I kind of like the cupcake thing – quick to cook, portion sized etc. I don’t get the masses of icing though – I can’t wait for that phase to pass! I totally agree with you about the chocolate thing… the older my palate gets, the less it tolerates chocolate overload. Bring on the Lemon Meringue
Hey, if I click on that link for Diet Patches do you earn some money? Or is a tip for the HCB’ers?
Very pretty! I’m with you on the fussiness, especially as my cupcake papers (and the foil liners, too) were a complete mess by the end of the ganache stage. I’m just not careful enough for these fussy things to turn out as designed.
Looks great to me! Despite you not really happy with cupcakes but you made them really pretty!
Just wanted to say, I thoroughly enjoy your weekly blog and candid comments! No matter that some of the recipes may inspire a little grumbling; you are obviously a good sport (or else OCD, heh heh!) since you faithfully bake them all anyway. And I hope that next week is less stressful for you. Stress begone!!
Great write up. I totally understand your puzzlement over the current cupcake craze. Personally speaking, I’d much rather bake, present, and eat a lovely cake.
I’ve also questioned Rose’s suggestion to spray the cupcake liners with oil – what’s that all about?? Sounds like a huge mess in the making to me.
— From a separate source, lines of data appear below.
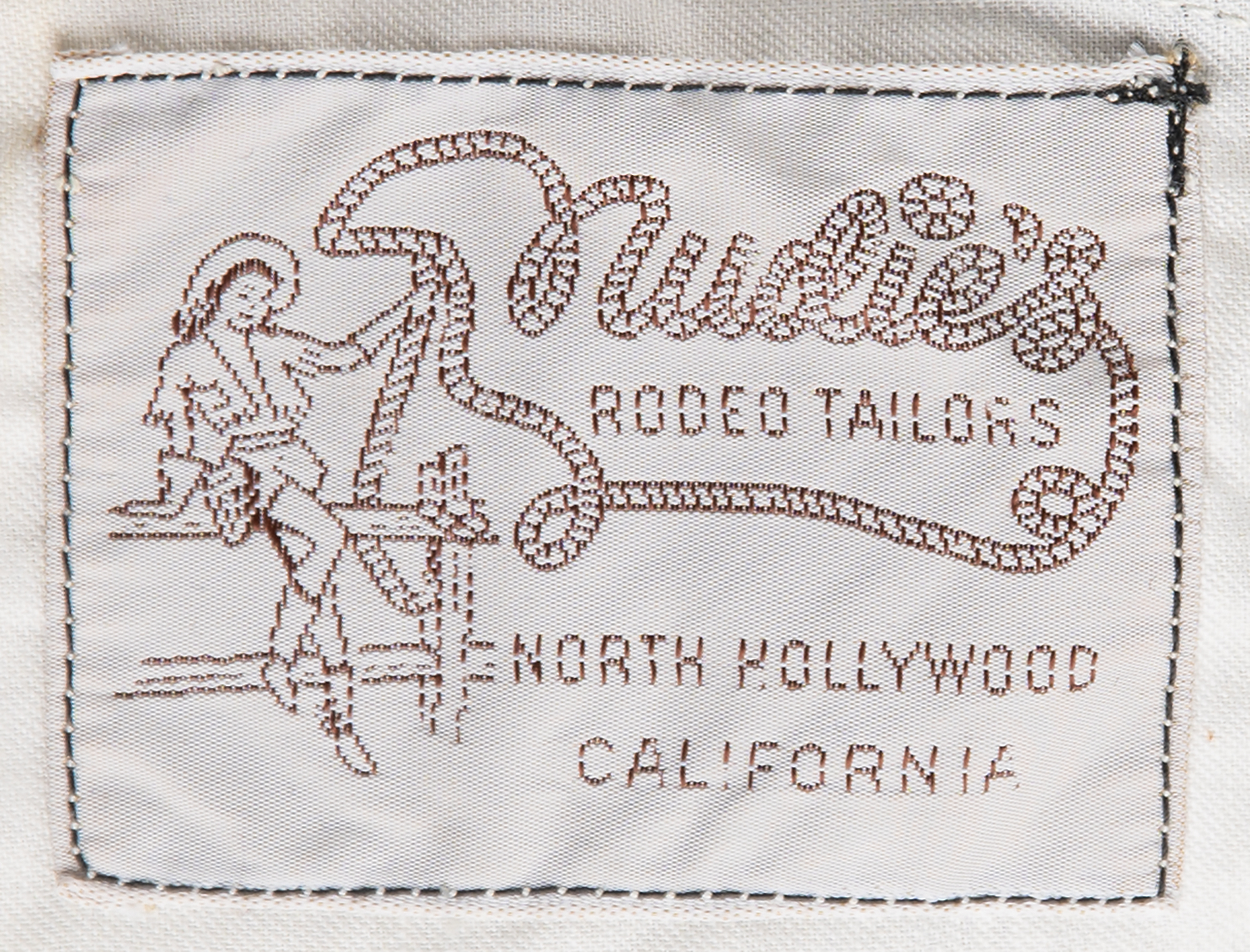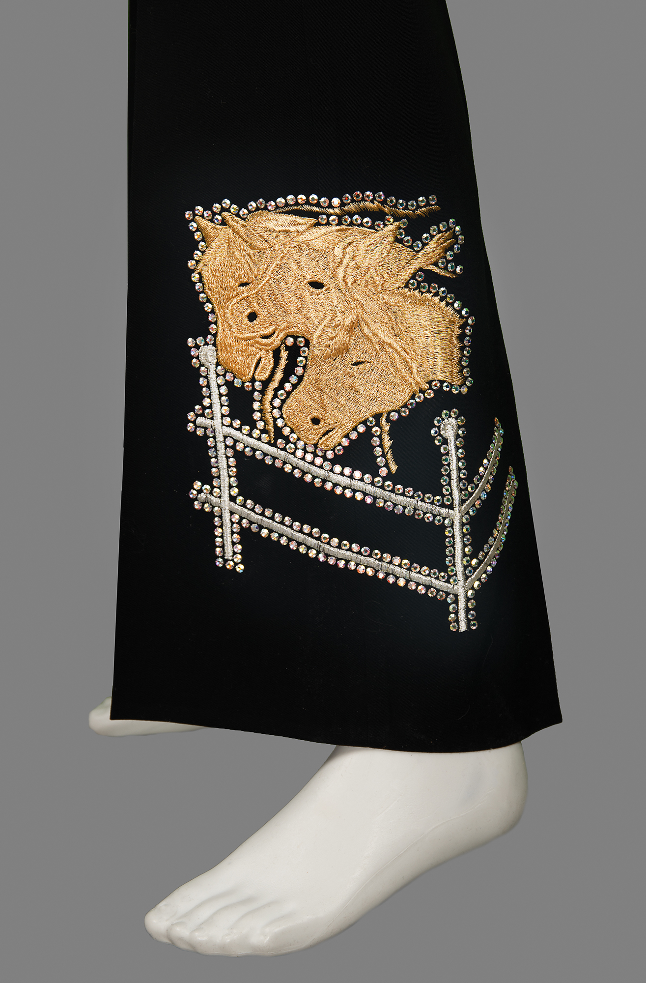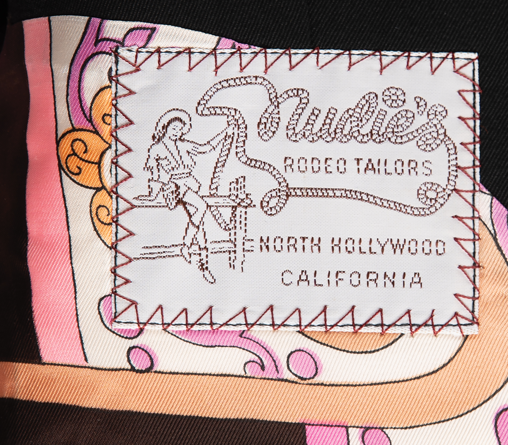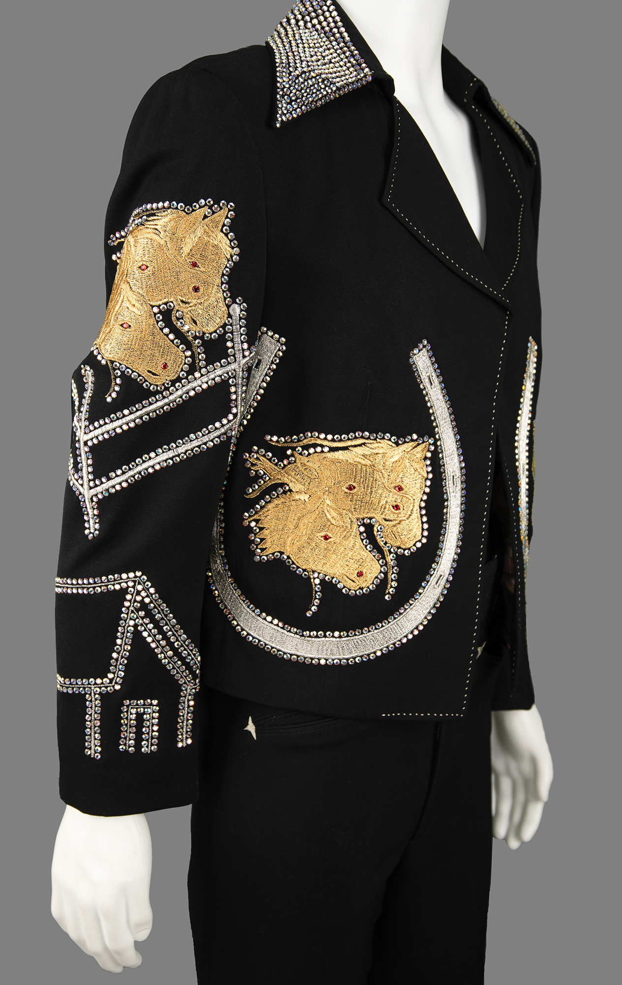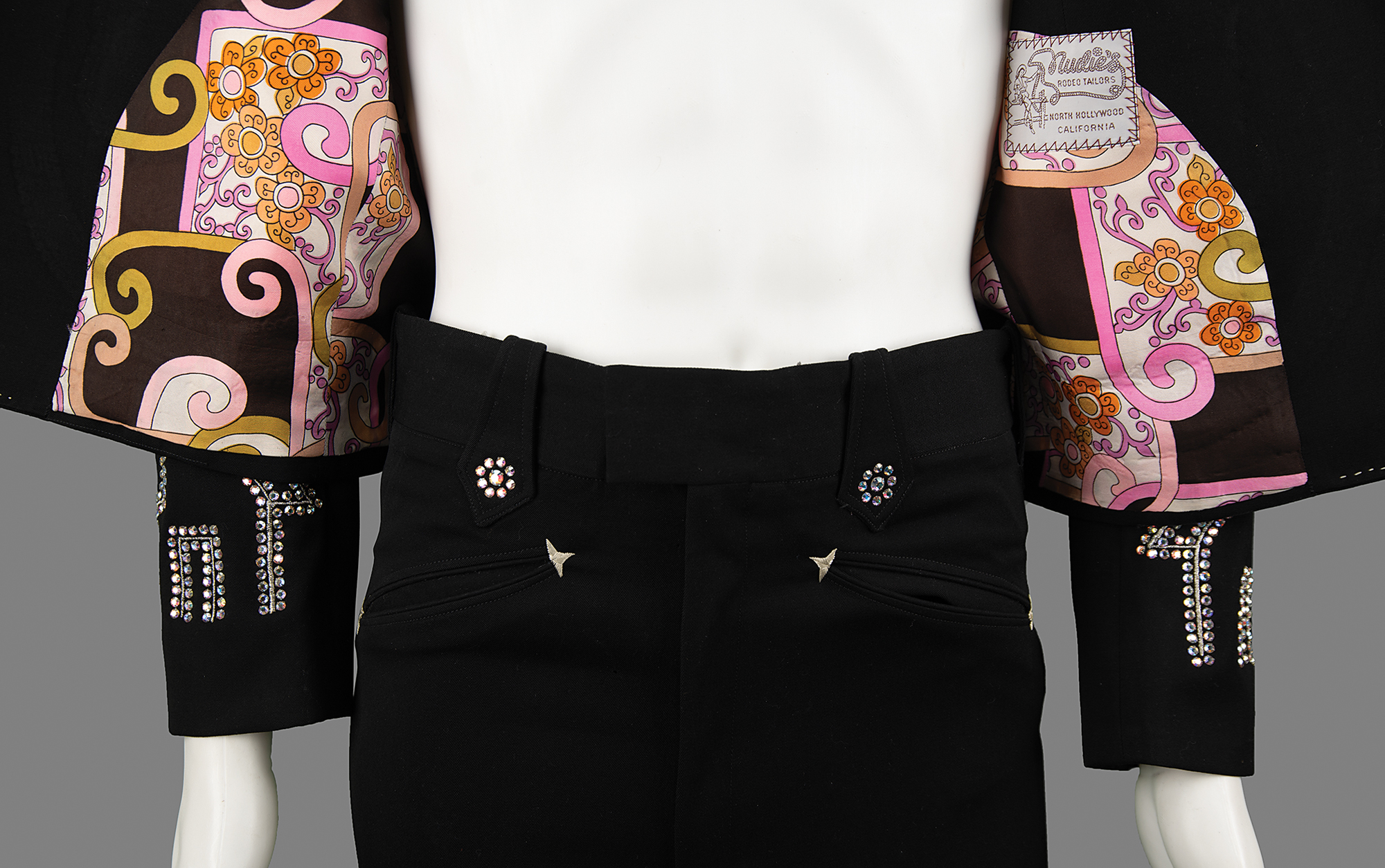 The dazzling all-black suit features a jacket with a rhinestone-studded collar, rhinestone-lined silver-embroidered horseshoes on the front, and shimmering gold-embroidered horse designs on the back, front, and sleeves, their eyes and nostrils dotted with red rhinestones. The sleeves boast further rhinestone designs, with the outline of a house on each wrist. The jacket is lined in colorful psychedelic paisley-patterned silk, with the "Nudie's Rodeo Tailors" label sewn to an inner pocket. The matching bootcut pants are similarly decorated, with decorative rhinestones on each belt loop and the same golden horse motif embroidered at the ankles. The handsome suit remains in fine to very fine condition.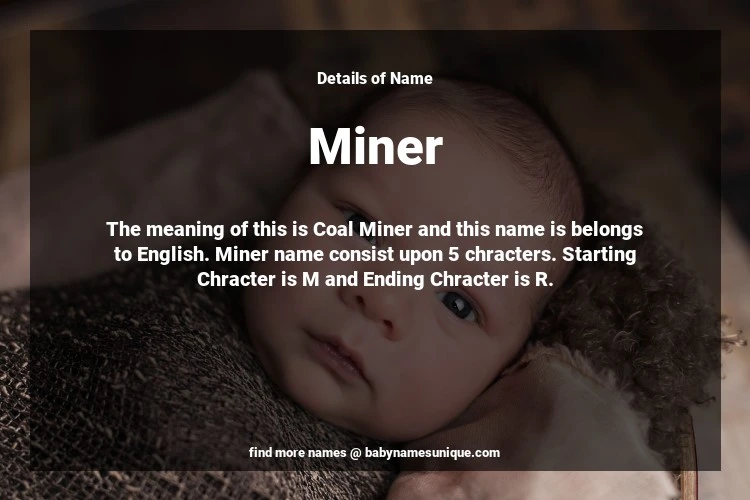 The name Miner is chosen by those who are willing to find Unique Transgenders Baby Names. The meaning of this is Coal Miner and this name is belongs to English Origin. Baby Name Miner consist upon 5 chracters. Starting alphabet is M and ending alphabet is R. This name is used primarily by parents who are considering unique baby names for Transgenders. The Zodiac Sign suitbale for this name are;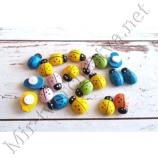 Набор декора для творчества дерево "Божьи коровки", (набор 15шт.) 1.3x2.5см

Anyway, great photos – I’m drooling over your copper whisk.
RE your cocoa powder vs. chocolate question – Rose says melted chocolate isn’t as strong in flavor as cocoa powder, so you’d probably prefer that.

ButterYum
I really enjoyed this post, love the rants.
I think the cupcake craze is more a “buying” thing, not a baking thing. Like macarons, you can buy different flavors, and everyone can have their own”cake”.
As to spraying the cupcake/muffin liners, I picked this up from the blog over at King Arthur Flour, they recommend it to prevent cake from sticking to the liners. Don’t you hate when you peel a liner off a muffin, and a thick layer of muffin sticks to the liner? Well okay, I just stopped using liners….but when I do, I spray them.
I made this once and my cake domed so high. I guess it’s due to me baking them in a metal pan instead of a silicon one.